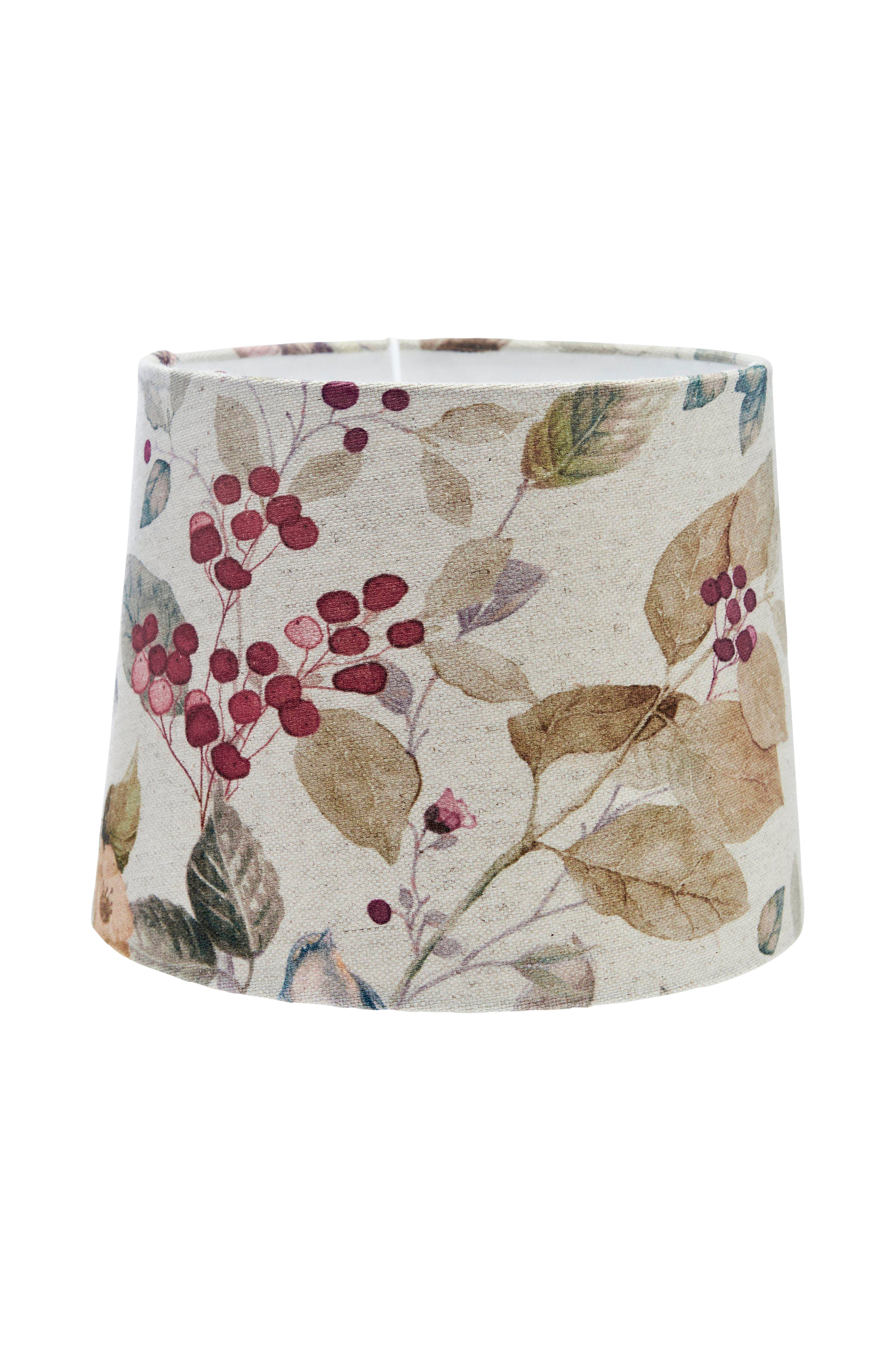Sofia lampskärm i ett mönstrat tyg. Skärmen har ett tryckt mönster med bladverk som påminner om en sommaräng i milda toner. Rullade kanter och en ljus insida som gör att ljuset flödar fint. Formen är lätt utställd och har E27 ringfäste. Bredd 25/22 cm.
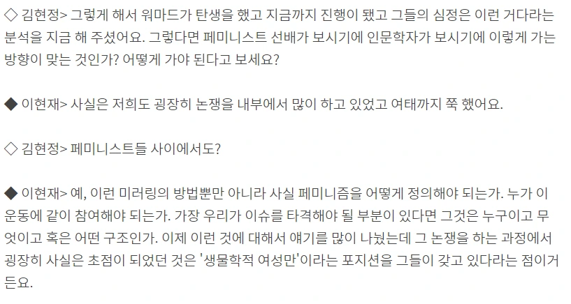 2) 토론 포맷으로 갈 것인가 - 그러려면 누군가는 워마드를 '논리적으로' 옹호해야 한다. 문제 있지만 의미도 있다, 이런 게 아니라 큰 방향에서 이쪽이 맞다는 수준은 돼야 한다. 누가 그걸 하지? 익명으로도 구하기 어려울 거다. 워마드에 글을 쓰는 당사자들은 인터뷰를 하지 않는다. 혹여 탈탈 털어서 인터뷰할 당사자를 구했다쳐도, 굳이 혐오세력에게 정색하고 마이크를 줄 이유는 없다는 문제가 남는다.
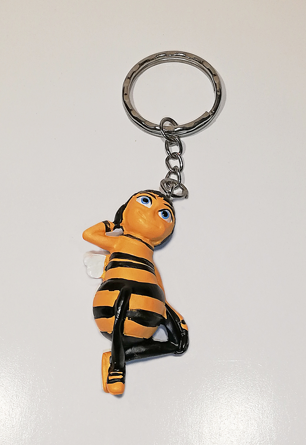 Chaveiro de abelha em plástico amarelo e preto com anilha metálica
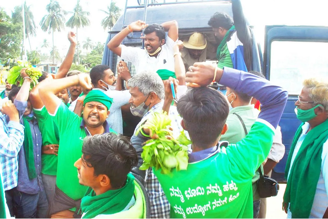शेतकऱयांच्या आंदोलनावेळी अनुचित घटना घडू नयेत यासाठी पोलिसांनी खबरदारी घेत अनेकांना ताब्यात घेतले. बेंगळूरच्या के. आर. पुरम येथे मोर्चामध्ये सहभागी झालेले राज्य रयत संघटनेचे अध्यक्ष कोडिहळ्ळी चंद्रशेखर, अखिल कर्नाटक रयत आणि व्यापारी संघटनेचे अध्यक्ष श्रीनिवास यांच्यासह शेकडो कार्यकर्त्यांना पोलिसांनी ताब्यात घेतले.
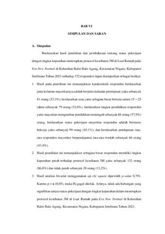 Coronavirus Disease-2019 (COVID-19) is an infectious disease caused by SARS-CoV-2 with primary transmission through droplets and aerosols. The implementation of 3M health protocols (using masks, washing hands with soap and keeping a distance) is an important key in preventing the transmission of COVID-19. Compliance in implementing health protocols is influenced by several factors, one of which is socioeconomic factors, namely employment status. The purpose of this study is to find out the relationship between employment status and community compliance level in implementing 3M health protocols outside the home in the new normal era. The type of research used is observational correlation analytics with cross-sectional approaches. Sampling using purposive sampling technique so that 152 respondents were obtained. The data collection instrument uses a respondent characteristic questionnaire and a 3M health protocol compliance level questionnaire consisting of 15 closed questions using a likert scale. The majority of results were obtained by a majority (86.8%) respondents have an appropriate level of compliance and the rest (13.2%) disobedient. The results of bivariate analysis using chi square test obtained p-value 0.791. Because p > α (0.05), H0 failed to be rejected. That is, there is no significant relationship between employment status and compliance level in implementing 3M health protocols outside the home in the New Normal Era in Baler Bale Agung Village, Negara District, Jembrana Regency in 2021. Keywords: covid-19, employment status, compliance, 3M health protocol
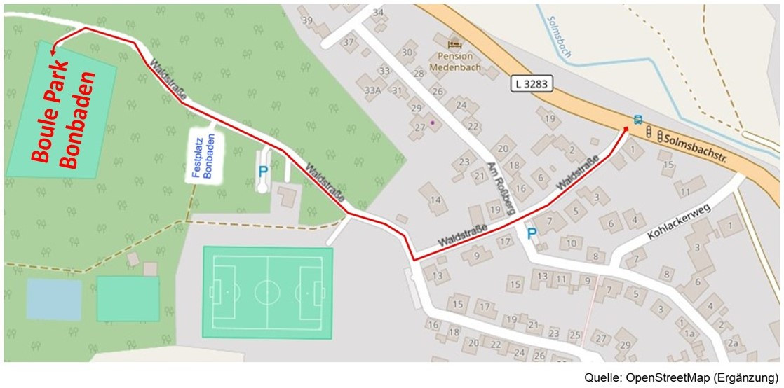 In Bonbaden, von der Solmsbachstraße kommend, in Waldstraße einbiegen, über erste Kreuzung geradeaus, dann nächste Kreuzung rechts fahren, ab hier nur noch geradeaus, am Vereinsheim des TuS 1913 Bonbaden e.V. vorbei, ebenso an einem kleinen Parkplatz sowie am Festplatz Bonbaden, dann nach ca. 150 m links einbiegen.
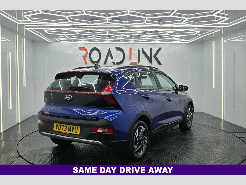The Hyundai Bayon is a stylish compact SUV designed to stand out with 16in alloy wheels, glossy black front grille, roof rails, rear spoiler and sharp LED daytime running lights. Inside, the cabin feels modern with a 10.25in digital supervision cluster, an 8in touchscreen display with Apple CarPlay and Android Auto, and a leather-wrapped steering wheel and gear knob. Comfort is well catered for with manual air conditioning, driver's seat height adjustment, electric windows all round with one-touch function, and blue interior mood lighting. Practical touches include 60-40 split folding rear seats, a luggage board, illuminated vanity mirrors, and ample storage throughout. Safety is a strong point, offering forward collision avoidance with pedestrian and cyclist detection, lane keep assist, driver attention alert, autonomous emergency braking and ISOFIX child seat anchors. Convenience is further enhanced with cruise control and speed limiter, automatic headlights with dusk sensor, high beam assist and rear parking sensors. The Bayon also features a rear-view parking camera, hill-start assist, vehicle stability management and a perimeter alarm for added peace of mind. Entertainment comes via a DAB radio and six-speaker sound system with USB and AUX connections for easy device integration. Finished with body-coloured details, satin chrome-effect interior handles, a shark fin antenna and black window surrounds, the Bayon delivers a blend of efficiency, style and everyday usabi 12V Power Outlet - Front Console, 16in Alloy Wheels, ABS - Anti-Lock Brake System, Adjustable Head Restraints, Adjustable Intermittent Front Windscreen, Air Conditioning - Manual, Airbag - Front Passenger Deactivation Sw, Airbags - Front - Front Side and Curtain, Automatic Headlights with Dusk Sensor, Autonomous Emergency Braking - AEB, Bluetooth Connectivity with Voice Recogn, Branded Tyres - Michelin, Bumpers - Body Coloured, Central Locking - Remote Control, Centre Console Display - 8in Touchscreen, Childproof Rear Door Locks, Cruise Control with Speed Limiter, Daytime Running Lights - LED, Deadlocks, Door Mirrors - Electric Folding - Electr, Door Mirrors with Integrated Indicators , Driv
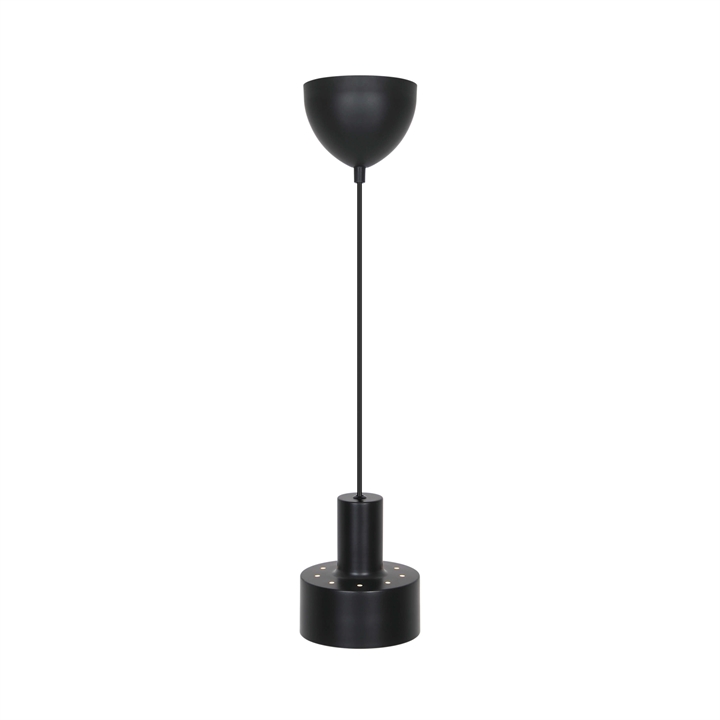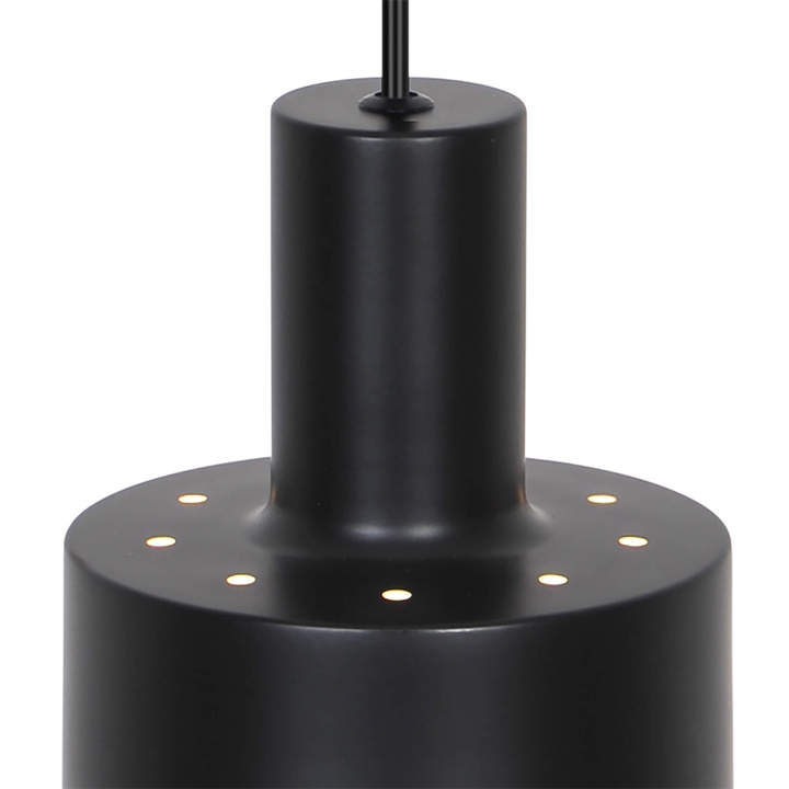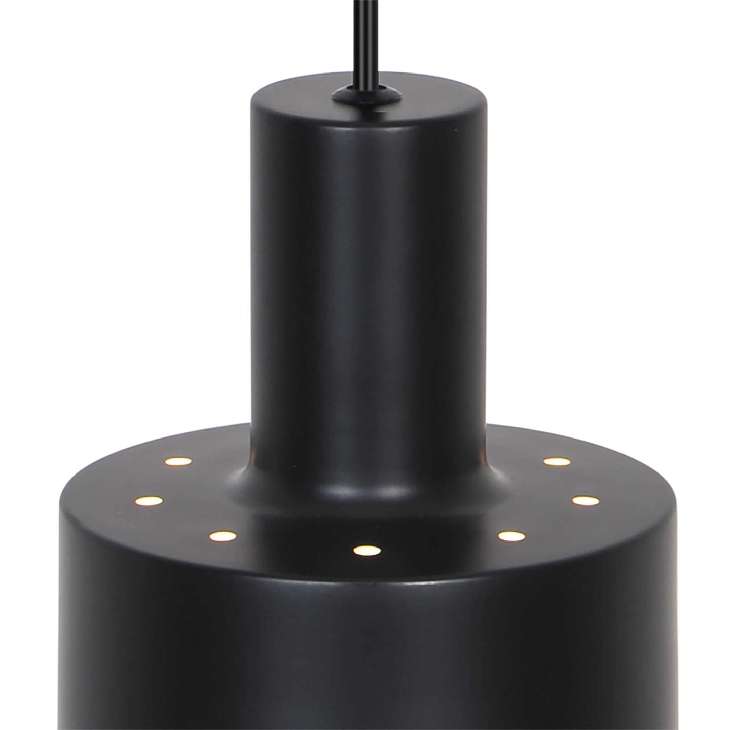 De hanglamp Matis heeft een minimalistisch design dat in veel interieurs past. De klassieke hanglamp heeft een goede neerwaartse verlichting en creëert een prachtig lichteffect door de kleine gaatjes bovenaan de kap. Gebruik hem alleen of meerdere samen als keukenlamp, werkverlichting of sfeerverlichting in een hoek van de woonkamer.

----

**YOUR INSTRUCTIONS**
Output the records exactly, please. The pictures are not part of the copy.

**RESPONSE AREA**
Sofia lampskärm i ett mönstrat tyg. Skärmen har ett tryckt mönster med bladverk som påminner om en sommaräng i milda toner. Rullade kanter och en ljus insida som gör att ljuset flödar fint. Formen är lätt utställd och har E27 ringfäste. Bredd 25/22 cm.
 2) 토론 포맷으로 갈 것인가 - 그러려면 누군가는 워마드를 '논리적으로' 옹호해야 한다. 문제 있지만 의미도 있다, 이런 게 아니라 큰 방향에서 이쪽이 맞다는 수준은 돼야 한다. 누가 그걸 하지? 익명으로도 구하기 어려울 거다. 워마드에 글을 쓰는 당사자들은 인터뷰를 하지 않는다. 혹여 탈탈 털어서 인터뷰할 당사자를 구했다쳐도, 굳이 혐오세력에게 정색하고 마이크를 줄 이유는 없다는 문제가 남는다.
 Chaveiro de abelha em plástico amarelo e preto com anilha metálica
शेतकऱयांच्या आंदोलनावेळी अनुचित घटना घडू नयेत यासाठी पोलिसांनी खबरदारी घेत अनेकांना ताब्यात घेतले. बेंगळूरच्या के. आर. पुरम येथे मोर्चामध्ये सहभागी झालेले राज्य रयत संघटनेचे अध्यक्ष कोडिहळ्ळी चंद्रशेखर, अखिल कर्नाटक रयत आणि व्यापारी संघटनेचे अध्यक्ष श्रीनिवास यांच्यासह शेकडो कार्यकर्त्यांना पोलिसांनी ताब्यात घेतले.
 Coronavirus Disease-2019 (COVID-19) is an infectious disease caused by SARS-CoV-2 with primary transmission through droplets and aerosols. The implementation of 3M health protocols (using masks, washing hands with soap and keeping a distance) is an important key in preventing the transmission of COVID-19. Compliance in implementing health protocols is influenced by several factors, one of which is socioeconomic factors, namely employment status. The purpose of this study is to find out the relationship between employment status and community compliance level in implementing 3M health protocols outside the home in the new normal era. The type of research used is observational correlation analytics with cross-sectional approaches. Sampling using purposive sampling technique so that 152 respondents were obtained. The data collection instrument uses a respondent characteristic questionnaire and a 3M health protocol compliance level questionnaire consisting of 15 closed questions using a likert scale. The majority of results were obtained by a majority (86.8%) respondents have an appropriate level of compliance and the rest (13.2%) disobedient. The results of bivariate analysis using chi square test obtained p-value 0.791. Because p > α (0.05), H0 failed to be rejected. That is, there is no significant relationship between employment status and compliance level in implementing 3M health protocols outside the home in the New Normal Era in Baler Bale Agung Village, Negara District, Jembrana Regency in 2021. Keywords: covid-19, employment status, compliance, 3M health protocol
 In Bonbaden, von der Solmsbachstraße kommend, in Waldstraße einbiegen, über erste Kreuzung geradeaus, dann nächste Kreuzung rechts fahren, ab hier nur noch geradeaus, am Vereinsheim des TuS 1913 Bonbaden e.V. vorbei, ebenso an einem kleinen Parkplatz sowie am Festplatz Bonbaden, dann nach ca. 150 m links einbiegen.
The Hyundai Bayon is a stylish compact SUV designed to stand out with 16in alloy wheels, glossy black front grille, roof rails, rear spoiler and sharp LED daytime running lights. Inside, the cabin feels modern with a 10.25in digital supervision cluster, an 8in touchscreen display with Apple CarPlay and Android Auto, and a leather-wrapped steering wheel and gear knob. Comfort is well catered for with manual air conditioning, driver's seat height adjustment, electric windows all round with one-touch function, and blue interior mood lighting. Practical touches include 60-40 split folding rear seats, a luggage board, illuminated vanity mirrors, and ample storage throughout. Safety is a strong point, offering forward collision avoidance with pedestrian and cyclist detection, lane keep assist, driver attention alert, autonomous emergency braking and ISOFIX child seat anchors. Convenience is further enhanced with cruise control and speed limiter, automatic headlights with dusk sensor, high beam assist and rear parking sensors. The Bayon also features a rear-view parking camera, hill-start assist, vehicle stability management and a perimeter alarm for added peace of mind. Entertainment comes via a DAB radio and six-speaker sound system with USB and AUX connections for easy device integration. Finished with body-coloured details, satin chrome-effect interior handles, a shark fin antenna and black window surrounds, the Bayon delivers a blend of efficiency, style and everyday usabi 12V Power Outlet - Front Console, 16in Alloy Wheels, ABS - Anti-Lock Brake System, Adjustable Head Restraints, Adjustable Intermittent Front Windscreen, Air Conditioning - Manual, Airbag - Front Passenger Deactivation Sw, Airbags - Front - Front Side and Curtain, Automatic Headlights with Dusk Sensor, Autonomous Emergency Braking - AEB, Bluetooth Connectivity with Voice Recogn, Branded Tyres - Michelin, Bumpers - Body Coloured, Central Locking - Remote Control, Centre Console Display - 8in Touchscreen, Childproof Rear Door Locks, Cruise Control with Speed Limiter, Daytime Running Lights - LED, Deadlocks, Door Mirrors - Electric Folding - Electr, Door Mirrors with Integrated Indicators , Driv
 De hanglamp Matis heeft een minimalistisch design dat in veel interieurs past. De klassieke hanglamp heeft een goede neerwaartse verlichting en creëert een prachtig lichteffect door de kleine gaatjes bovenaan de kap. Gebruik hem alleen of meerdere samen als keukenlamp, werkverlichting of sfeerverlichting in een hoek van de woonkamer.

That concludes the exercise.